> Material provided
_ _ _

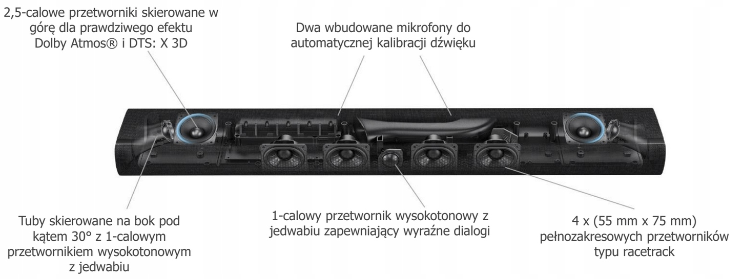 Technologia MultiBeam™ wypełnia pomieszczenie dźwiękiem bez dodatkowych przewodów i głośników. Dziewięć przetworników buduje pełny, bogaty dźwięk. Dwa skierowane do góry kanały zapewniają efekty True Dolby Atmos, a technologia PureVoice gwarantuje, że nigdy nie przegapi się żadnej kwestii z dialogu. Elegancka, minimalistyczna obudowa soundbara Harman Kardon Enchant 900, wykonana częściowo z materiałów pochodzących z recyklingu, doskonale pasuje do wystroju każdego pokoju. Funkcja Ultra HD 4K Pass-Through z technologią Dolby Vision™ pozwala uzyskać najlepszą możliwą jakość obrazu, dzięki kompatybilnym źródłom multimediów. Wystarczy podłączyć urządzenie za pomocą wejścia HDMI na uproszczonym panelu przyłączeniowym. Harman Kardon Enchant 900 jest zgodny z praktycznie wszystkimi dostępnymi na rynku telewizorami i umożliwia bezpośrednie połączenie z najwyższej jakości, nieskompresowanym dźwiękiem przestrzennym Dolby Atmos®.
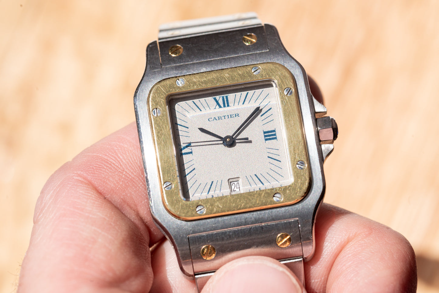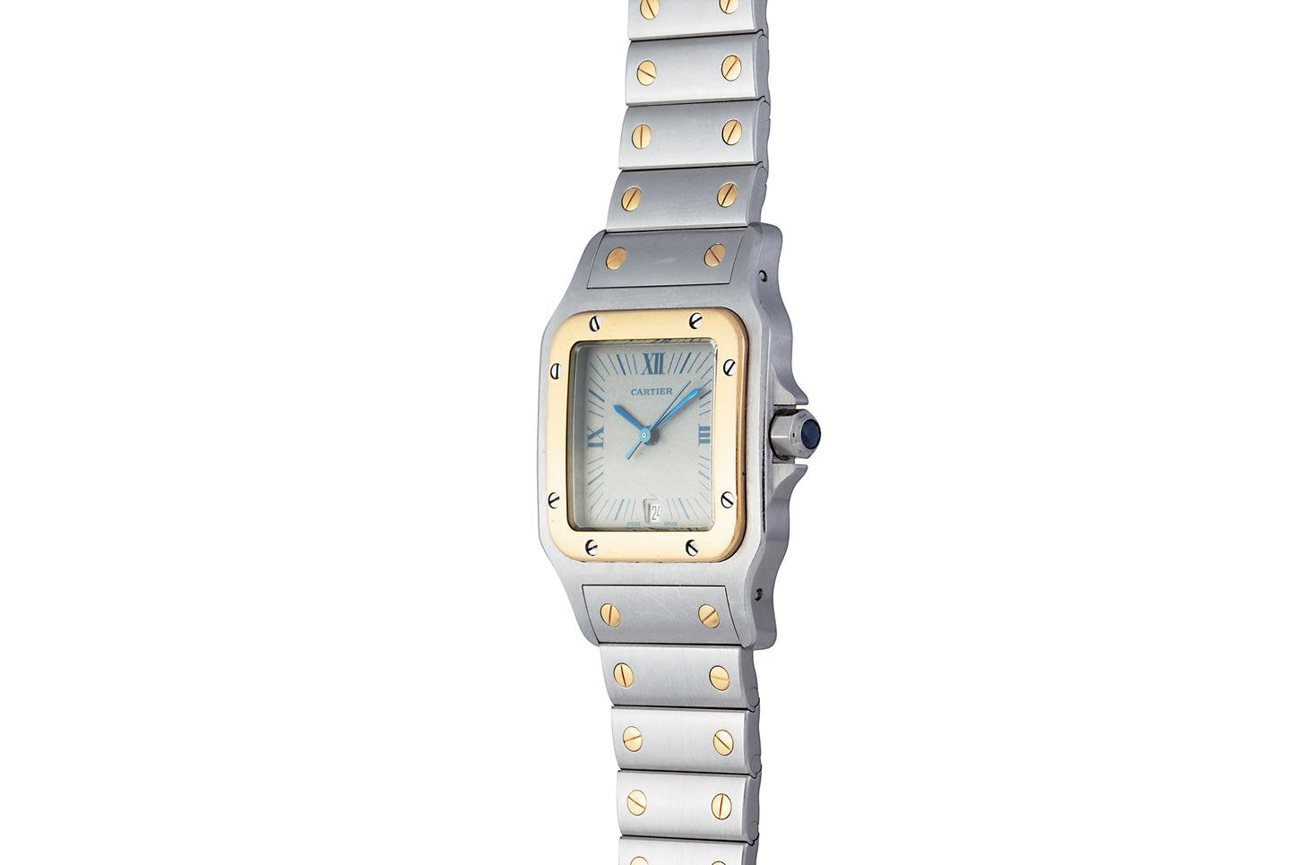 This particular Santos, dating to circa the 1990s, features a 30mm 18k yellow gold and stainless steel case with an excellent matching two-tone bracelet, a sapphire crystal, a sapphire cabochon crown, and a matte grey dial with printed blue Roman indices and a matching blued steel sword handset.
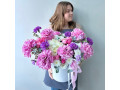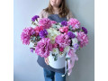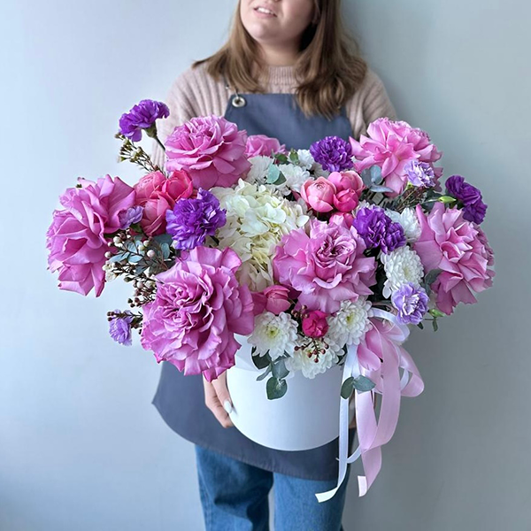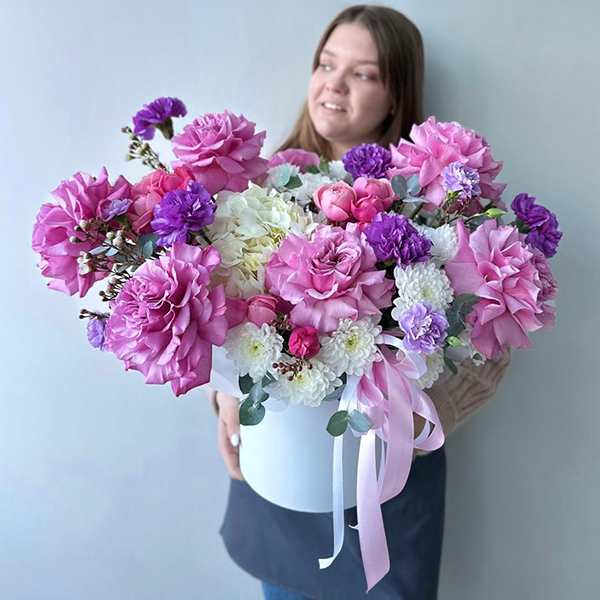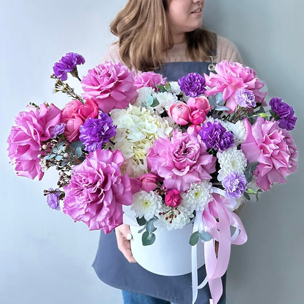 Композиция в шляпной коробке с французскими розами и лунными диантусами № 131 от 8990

_ _ _

> Problem
Only the pictures are to be left out; restate everything else in the listing word for word.

> The completed task
 Technologia MultiBeam™ wypełnia pomieszczenie dźwiękiem bez dodatkowych przewodów i głośników. Dziewięć przetworników buduje pełny, bogaty dźwięk. Dwa skierowane do góry kanały zapewniają efekty True Dolby Atmos, a technologia PureVoice gwarantuje, że nigdy nie przegapi się żadnej kwestii z dialogu. Elegancka, minimalistyczna obudowa soundbara Harman Kardon Enchant 900, wykonana częściowo z materiałów pochodzących z recyklingu, doskonale pasuje do wystroju każdego pokoju. Funkcja Ultra HD 4K Pass-Through z technologią Dolby Vision™ pozwala uzyskać najlepszą możliwą jakość obrazu, dzięki kompatybilnym źródłom multimediów. Wystarczy podłączyć urządzenie za pomocą wejścia HDMI na uproszczonym panelu przyłączeniowym. Harman Kardon Enchant 900 jest zgodny z praktycznie wszystkimi dostępnymi na rynku telewizorami i umożliwia bezpośrednie połączenie z najwyższej jakości, nieskompresowanym dźwiękiem przestrzennym Dolby Atmos®.
 This particular Santos, dating to circa the 1990s, features a 30mm 18k yellow gold and stainless steel case with an excellent matching two-tone bracelet, a sapphire crystal, a sapphire cabochon crown, and a matte grey dial with printed blue Roman indices and a matching blued steel sword handset.
 Композиция в шляпной коробке с французскими розами и лунными диантусами № 131 от 8990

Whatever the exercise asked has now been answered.